Persistence & durability

Backend Storage Durability
HNSW Nitrite NitriteMap (fjall) per-write: each mutation persists as one atomic batch
DiskANN memory-mapped flat file + checksummed sidecar next to the DB checkpointed: on close, and automatically every ~8k mutations

Both backends treat the index as derived data and fail safe, never silently wrong:

  • HNSW batches every touched record + header into a single atomic put_all; loading sanitizes the graph (dangling links pruned, bad records dropped), and an unreadable header wipes the index and rebuilds it automatically from the collection on open.
  • DiskANN marks its data file dirty on the first mutation after a checkpoint and clears the flag only after the checksummed sidecar has been atomically replaced (tmp + rename) under a matching generation. On open, a dirty flag, checksum mismatch, or generation skew is detected, the files are wiped, and the index is rebuilt automatically from the collection. A crash therefore costs a bounded re-index, silent corruption never.

Note that Nitrite writes documents and index entries as separate store operations; a crash exactly between them can leave one document unindexed. collection.rebuild_index(...) heals this; the automatic rebuild above covers all index-side damage.

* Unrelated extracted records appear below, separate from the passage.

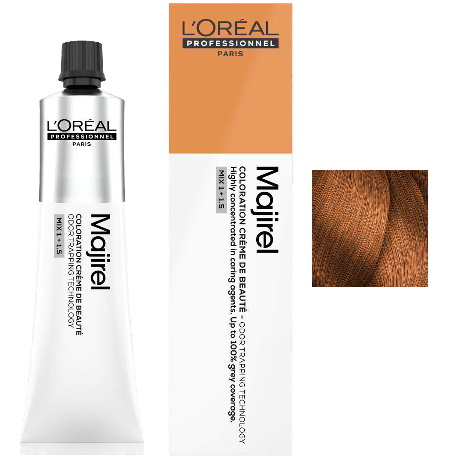 Для приготовления смеси используйте 1 тюбик красителя-крема Majirel 60 мл + 90 мл оксидент-крема с технологией улавливания запахов Odor Trapping Technology.
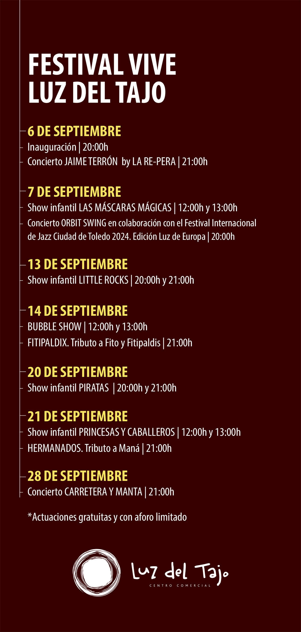 - Concierto HERMANADOS. Tributo a MANÁ | 21:00h. La banda Toledana Hermanados hará vibrar a todos los asistentes a Luz del del Tajo al ritmo de los mejores temas de siempre de Maná en un imperdible concierto en vivo.
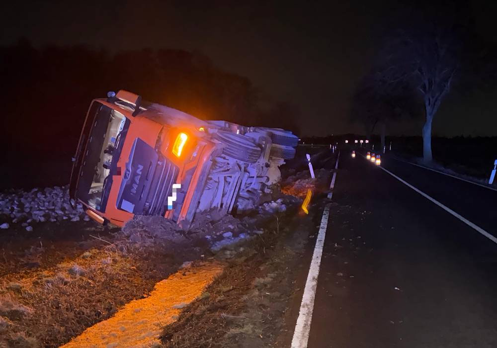 Entgegen der ersten Meldung um 5:46 Uhr - „Verkehrsunfall mit eingeklemmter Person in LKW“ - wurde laut Polizei bei dem Unfall niemand eingeklemmt und auch nicht verletzt. Aus bisher ungeklärter Ursache kam der Fahrer eines mit Rüben beladenen LKW von der Fahrbahn ab und rutschte dabei in einen Graben.
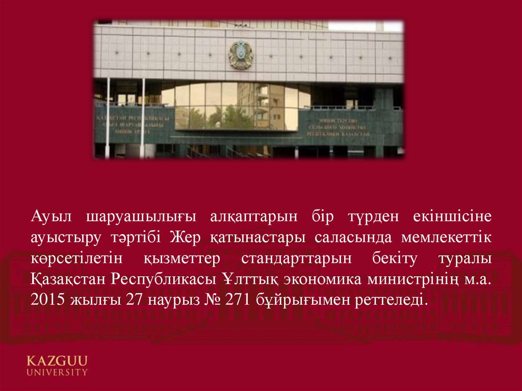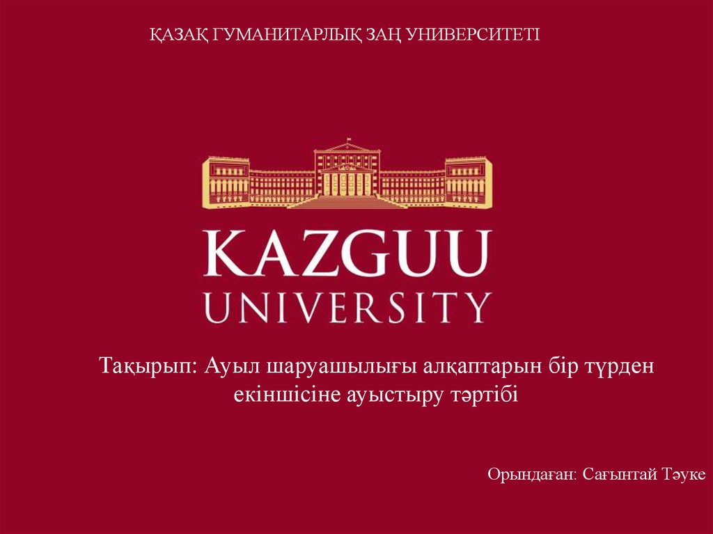 ҚАЗАҚ ГУМАНИТАРЛЫҚ ЗАҢ УНИВЕРСИТЕТІТақырып: Ауыл шаруашылығы алқаптарын бiр түрден

cache_bytes is advisory for DiskANN: because the store is memory-mapped, the OS page cache bounds resident memory and reclaims cold pages under pressure (the index can't OOM from its vector data). The knob is reserved for future madvise hinting.

Security & privacy

  • Vectors are stored in plaintext by both backends. Embeddings are generally invertible back to their source content — treat them with the same sensitivity as the documents themselves.
  • DiskANN files live next to the database (named after a sanitized + hashed form of the collection/field, so hostile names cannot escape the directory) and are not covered by any encryption or at-rest features a storage adapter might provide.
  • The DiskANN backend refuses in-memory databases rather than writing embeddings into a shared temp directory.
  • The sidecar is checksummed and structurally validated on load; corrupt or tampered files are wiped and rebuilt, not trusted.

Performance

Tuning that closes most of the gap to hand-optimized ANN libraries:

  • Portable SIMD distance kernels via wide (f32x8) — pure Rust, no C dependency, cross-compiles cleanly to ARM NEON for mobile (unlike simsimd).
  • rustc-hash (FxHash) on the query hot path — SipHash is ~5–10× slower for the internal integer lookups done thousands of times per query.
  • Allocation-free vector decode into reused buffers on the hot loop.
  • Lock-free per-query read view (DiskANN): one read lock per query instead of per node, so concurrent queries scale instead of contending on the lock's cache line.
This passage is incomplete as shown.